The subject is not the only attribute of art, but it is the fundamental one, it is the end to which all the others are the means. In most esthetic theories, however, the end—the subject—is omitted from consideration, and only the means are regarded as esthetically relevant. Such theories set up a false dichotomy and claim that a slob portrayed by the technical means of a genius is preferable to a goddess portrayed by the technique of an amateur. I hold that both are esthetically offensive; but while the second is merely esthetic incompetence, the first is an esthetic crime.

There is no dichotomy, no necessary conflict between ends and means. The end does not justify the means—neither in ethics nor in esthetics. And neither do the means justify the end: there is no esthetic justification for the spectacle of Rembrandt’s great artistic skill employed to portray a side of beef.

That particular painting may be taken as a symbol of everything I am opposed to in art and in literature. At the age of seven, I could not understand why anyone should wish to paint or to admire pictures of dead fish, garbage cans or fat peasant women with triple chins. Today, I understand the psychological causes of such esthetic phenomena—and the more I understand, the more I oppose them.

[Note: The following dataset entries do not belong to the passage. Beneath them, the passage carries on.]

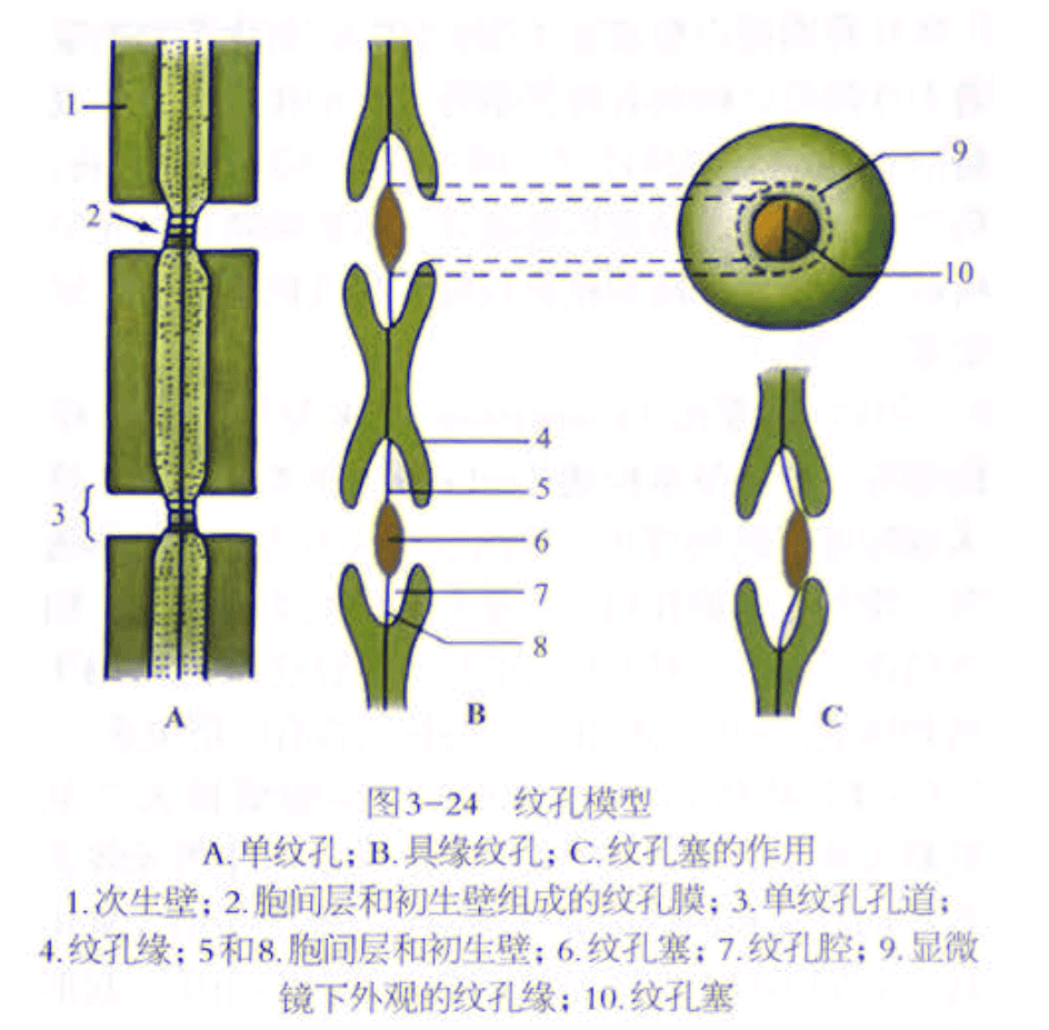 • 纹孔:植物细胞次生壁形成时,初生纹孔场不被次生物质覆盖,形成的凹陷区域,是相邻细胞间进行物质交换的重要通道。
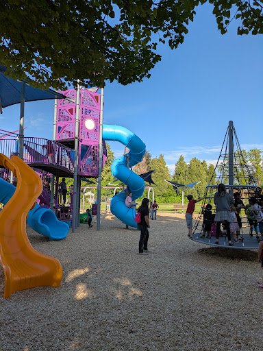 This park has big beautiful trees and a splash pad which is nice. The bathroom is located directly next to the splash pad however, there was no toilet paper and no soap in the bathroom in June which is peak season. There are currently 2 playgrounds near each other. One for little kids and one for bigger kids which is a nice touch, however, the swings are all located on the big kid play ground which makes it difficult if you have a little one. My 4 year old nearly got trampled by older kids several times while near the swings even with me standing right next to him, and of course he wanted to go on the big kid playground while we were on that side. He almost go knocked off the bridge by the older kids good thing I was standing right next to him, I had to grab him and lower him to the ground. I understand that it is not the city's fault that older kids are not careful, however, it is poorly planned to have 2 playgrounds and have all the swings on the big kid playground. I would have rated this park higher if they had swings on the little kid...
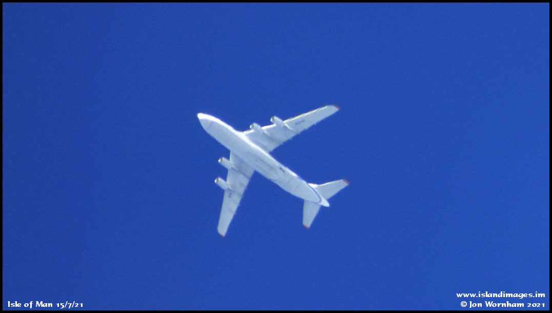 Not the sharpest of pictures but an interesting aircraft flying over the Isle of Man, Volga-Dnepr Antonov 124 Ruslan RA-82046 'VDA1317' captured en-route from Montreal to Leipzig.
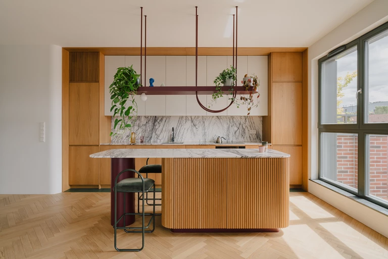 Tłem kompozycyjnym salonu oraz jednocześnie sercem mieszkania jest kuchnia z dużą wyspą kuchenną, nad którą podwieszono zaprojektowaną przez pracownię em2 bordową, stalowa lampę, stanowiącą jednocześnie półkę na kwiaty lub książki kucharskie. Fronty kuchni wykonano z delikatnie bejcowanego forniru dębowego, natomiast wyspę kuchenną, wspartą na bordowej nodze, zrobiono z litego drewna.
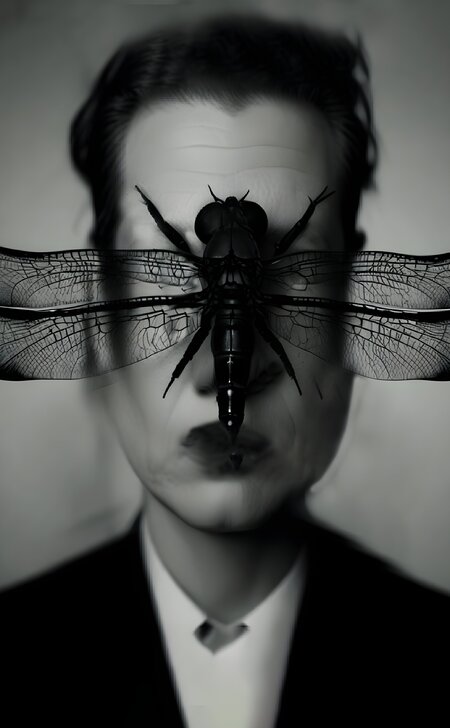 в изображении лиц или их подобие на плоских холстах или поверхностях, и стрекозу как образ моего манифеста, связанного с этим художником.
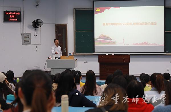 党委常委、副校长陈志军以“喜迎新中国成立70周年,持续加强党的政治建设”为主题,在弘德楼5015教室为历史与社会学院2018级历史学(师范)、文物与博物馆学、社会工作三个专业的同学们上了一堂精彩的“形势与政策”课。
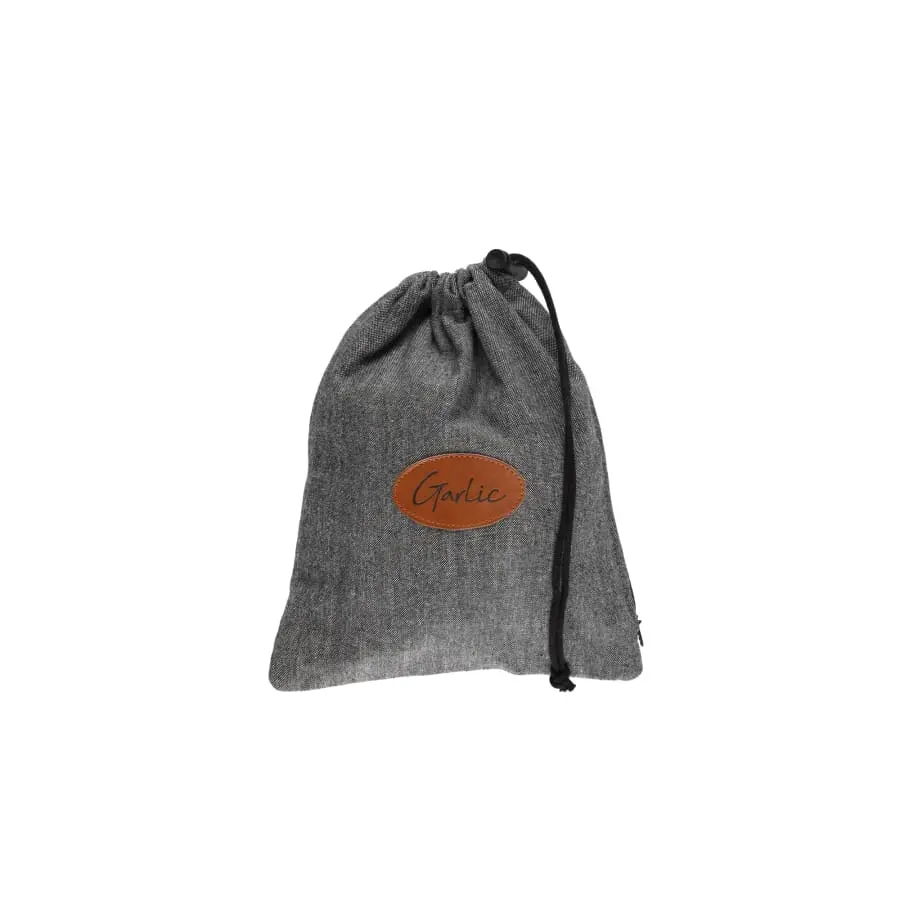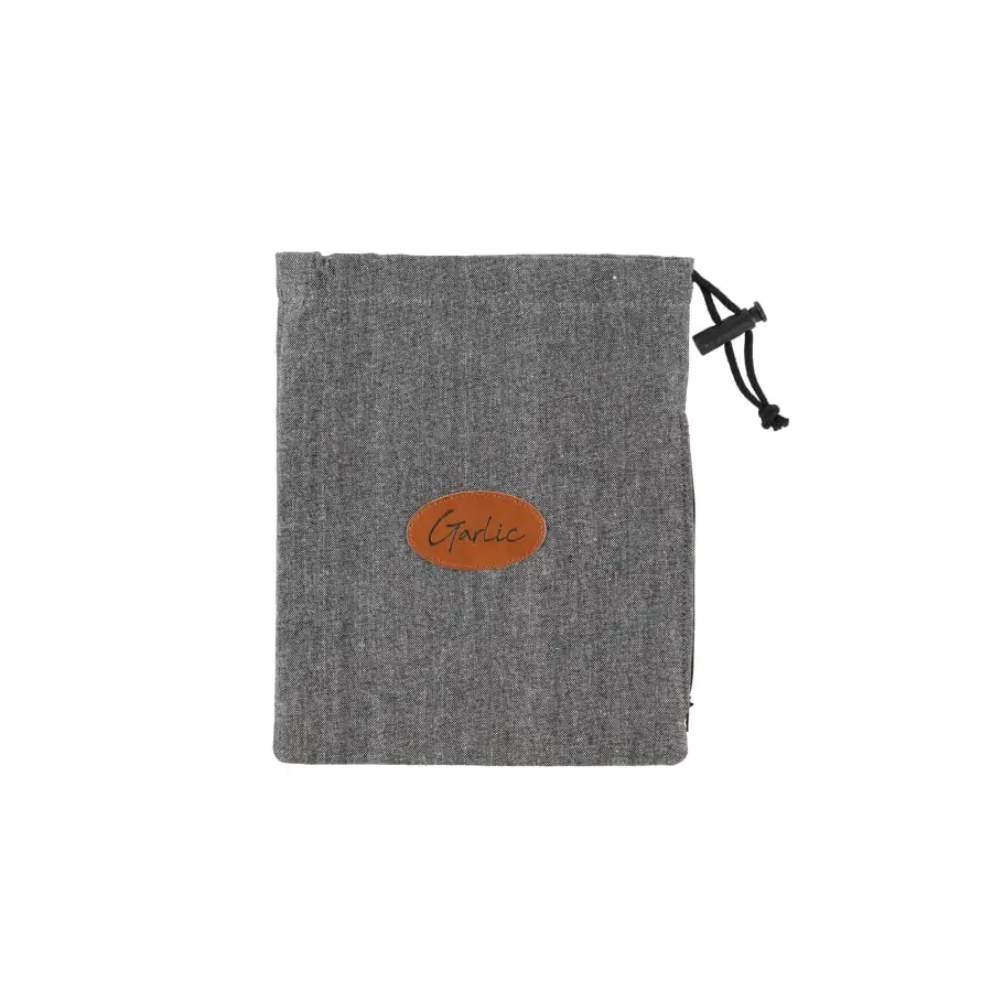 A stylish bag for storing garlic. Made of recycled material. Material recycled cotton 90%, polyester 10%. Wash at 40 degrees.

In art, and in literature, the end and the means, or the subject and the style, must be worthy of each other.

That which is not worth contemplating in life, is not worth re-creating in art.

Misery, disease, disaster, evil, all the negatives of human existence, are proper subjects of study in life, for the purpose of understanding and correcting them—but are not proper subjects of contemplation for contemplation’s sake. In art, and in literature, these negatives are worth re-creating only in relation to some positive, as a foil, as a contrast, as a means of stressing the positive—but not as an end in themselves.

The “compassionate” studies of depravity which pass for literature today are the dead end and the tombstone of Naturalism. If their perpetrators still claim the justification that these things are “true” (most of them aren’t)—the answer is that this sort of truth belongs in psychological case histories, not in literature. The picture of an infected ruptured appendix may be of great value in a medical textbook—but it does not belong in an art gallery. And an infected soul is a much more repulsive spectacle.